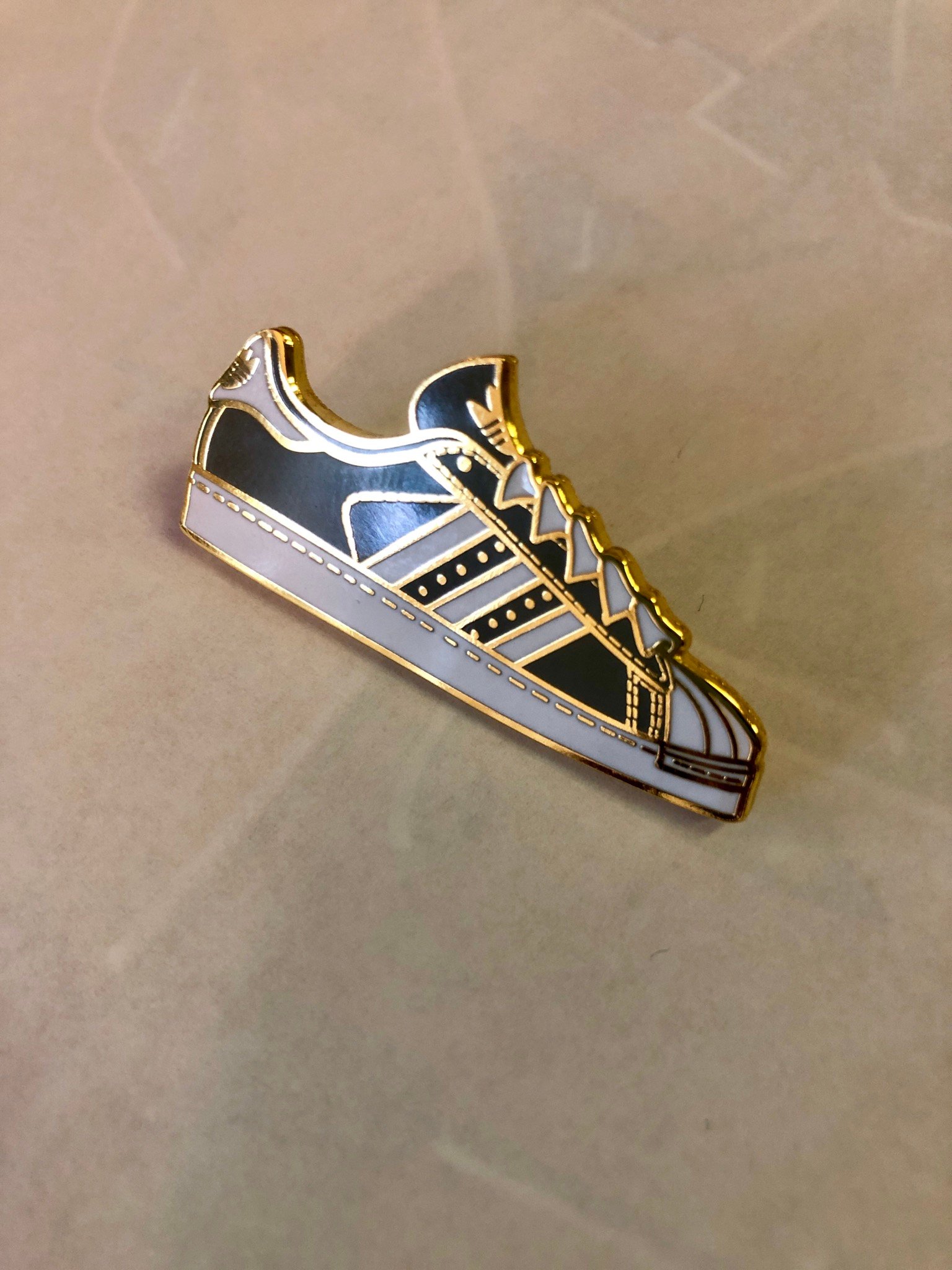1.75 inch hard enamel pin. Double posted with hand style on the back. Comes with velvet pouch and random stickers.
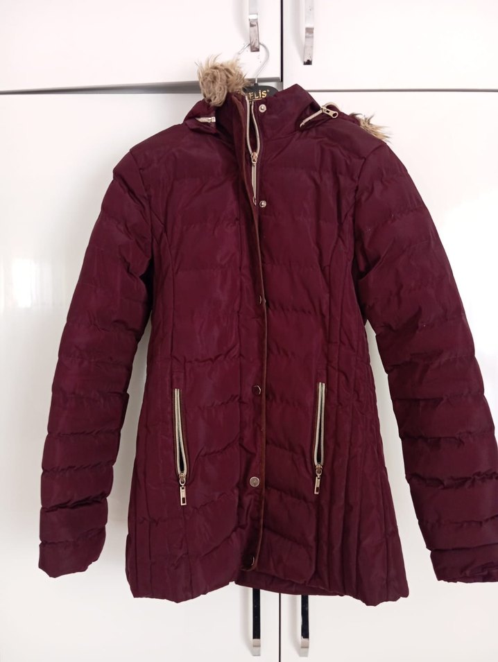 Bordo renkli, kapüşonunda kürk detaylı, normal boyda ve dar kesim kız çocuk kışlık mont. Sentetik kumaş ve fermuarlı ceplere sahip, rahat sokak stili için uygundur. Kalın ve sorunsuzdur iç kısmında küçük sökük vardı diktim belli değil başka sorunu yok ❄️
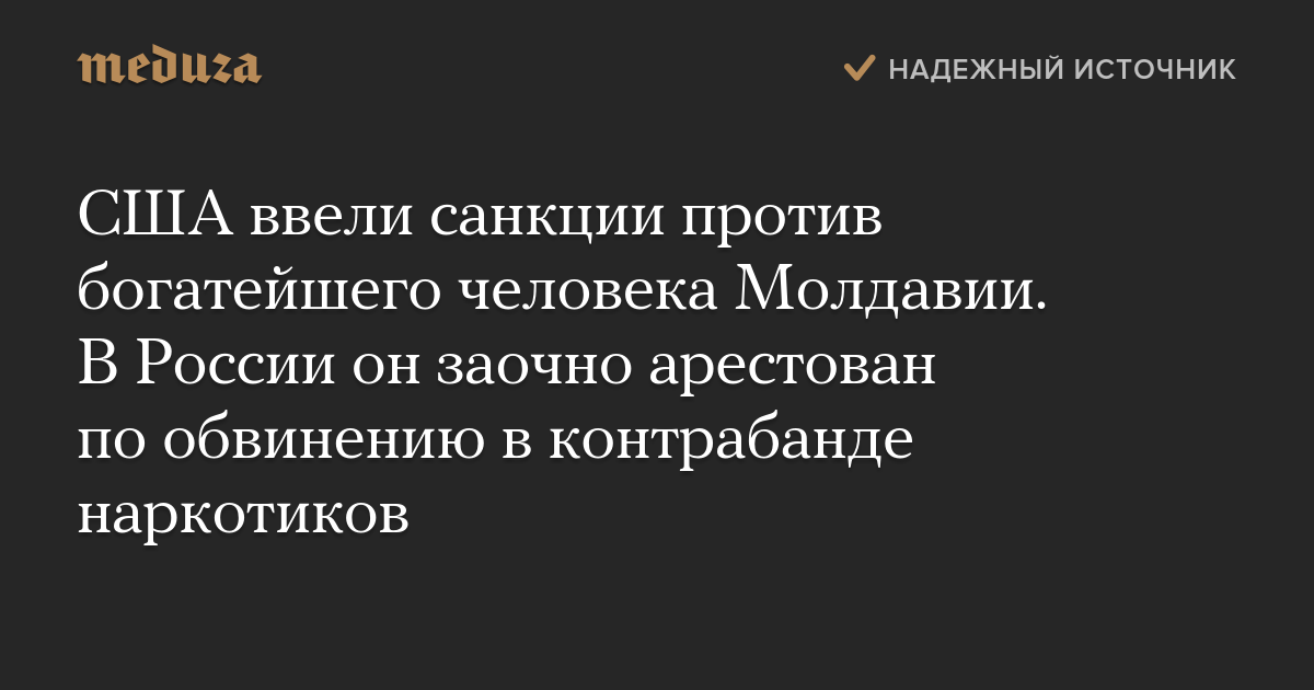 США ввели санкции против богатейшего человека Молдавии. В России он заочно арестован по обвинению в контрабанде наркотиков
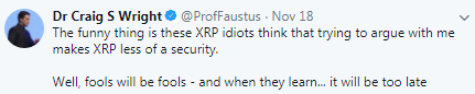 为了蹭热度,澳本聪花式发推,从18日期起,共发送10多条关于XRP的推特,目测还将持续:一会儿说“XRP是加密领域最大的骗局”
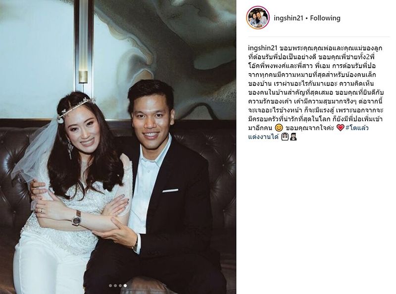 “ขอบพระคุณคุณพ่อและคุณแม่ของลูกที่ต้อนรับพี่ปอเป็นอย่างดี ขอบคุณพี่ชายทั้ง 2 พี่โอ๊ค พี่พงพงศ์ และพี่สาว พี่เอม การต้อนรับพี่ปอจากทุกคนมีความหมายที่สุดสำหรับน้องคนเล็กของบ้าน เราผ่านอะไรกันมาเยอะ ความคิดเห็นของคนในบ้านสำคัญที่สุดเสมอ ขอบคุณที่ยินดีกับความรักของเค้า เค้ามีความสุขมากจริง ๆ ต่อจากนี้จะเจออะไรข้างหน้าก็จะมีแรงสู้ เพราะนอกจากจะมีครอบครัวที่น่ารักที่สุดในโลก ก็ยังมีพี่ปอเพิ่มเข้ามาอีกคน ขอบคุณจากใจค่ะ #โตแล้วแต่งงานได้”
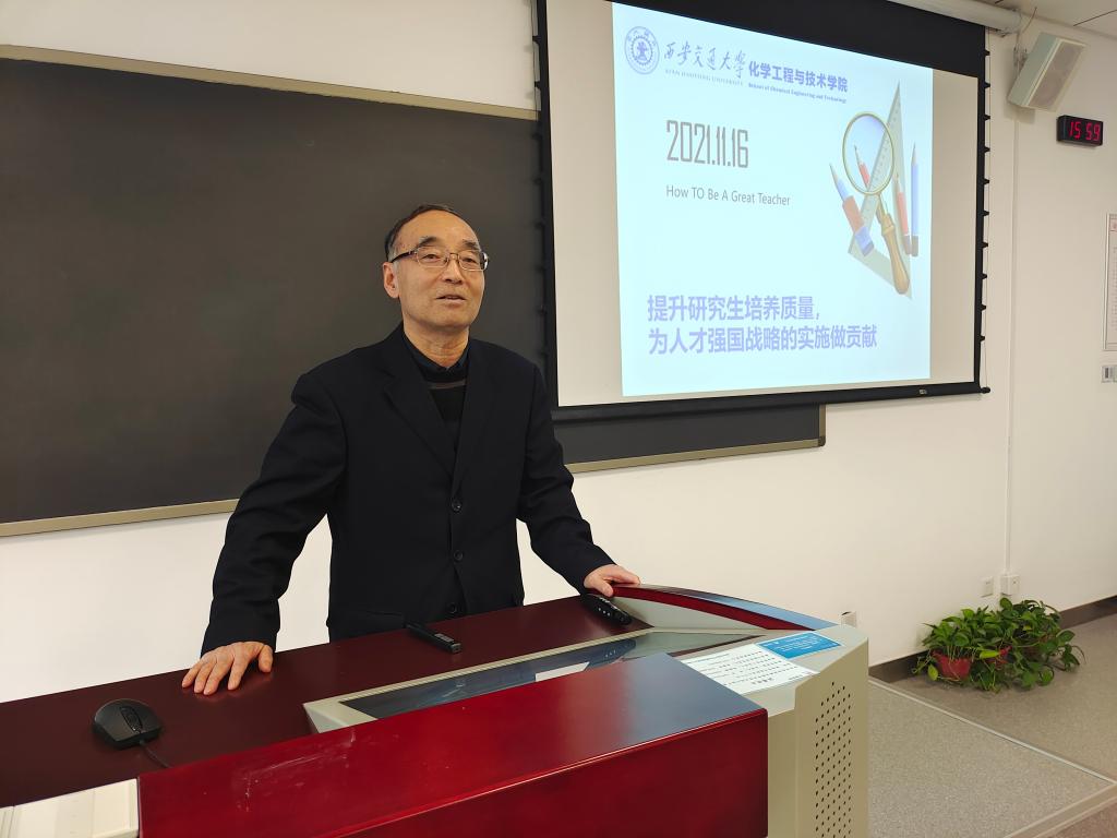 资深导师杨伯伦教授作了研究生指导经验专题交流,杨老师回顾了自己的学生培养情况,并从专业素养提升、因材施教作好选题、以及全链条培养质量保障等四个方面向在座导师分享了如何提高研究生导师的指导能力。与会导师就各自培养过程中的问题和困惑进行了交流讨论。

┄┄┄┄┄┄

> _Exercise aim_
Leave the pictures out and output the rest of the data word for word.

> _Your solution_
1.75 inch hard enamel pin. Double posted with hand style on the back. Comes with velvet pouch and random stickers.
 Bordo renkli, kapüşonunda kürk detaylı, normal boyda ve dar kesim kız çocuk kışlık mont. Sentetik kumaş ve fermuarlı ceplere sahip, rahat sokak stili için uygundur. Kalın ve sorunsuzdur iç kısmında küçük sökük vardı diktim belli değil başka sorunu yok ❄️
 США ввели санкции против богатейшего человека Молдавии. В России он заочно арестован по обвинению в контрабанде наркотиков
 为了蹭热度,澳本聪花式发推,从18日期起,共发送10多条关于XRP的推特,目测还将持续:一会儿说“XRP是加密领域最大的骗局”
 “ขอบพระคุณคุณพ่อและคุณแม่ของลูกที่ต้อนรับพี่ปอเป็นอย่างดี ขอบคุณพี่ชายทั้ง 2 พี่โอ๊ค พี่พงพงศ์ และพี่สาว พี่เอม การต้อนรับพี่ปอจากทุกคนมีความหมายที่สุดสำหรับน้องคนเล็กของบ้าน เราผ่านอะไรกันมาเยอะ ความคิดเห็นของคนในบ้านสำคัญที่สุดเสมอ ขอบคุณที่ยินดีกับความรักของเค้า เค้ามีความสุขมากจริง ๆ ต่อจากนี้จะเจออะไรข้างหน้าก็จะมีแรงสู้ เพราะนอกจากจะมีครอบครัวที่น่ารักที่สุดในโลก ก็ยังมีพี่ปอเพิ่มเข้ามาอีกคน ขอบคุณจากใจค่ะ #โตแล้วแต่งงานได้”
 资深导师杨伯伦教授作了研究生指导经验专题交流,杨老师回顾了自己的学生培养情况,并从专业素养提升、因材施教作好选题、以及全链条培养质量保障等四个方面向在座导师分享了如何提高研究生导师的指导能力。与会导师就各自培养过程中的问题和困惑进行了交流讨论。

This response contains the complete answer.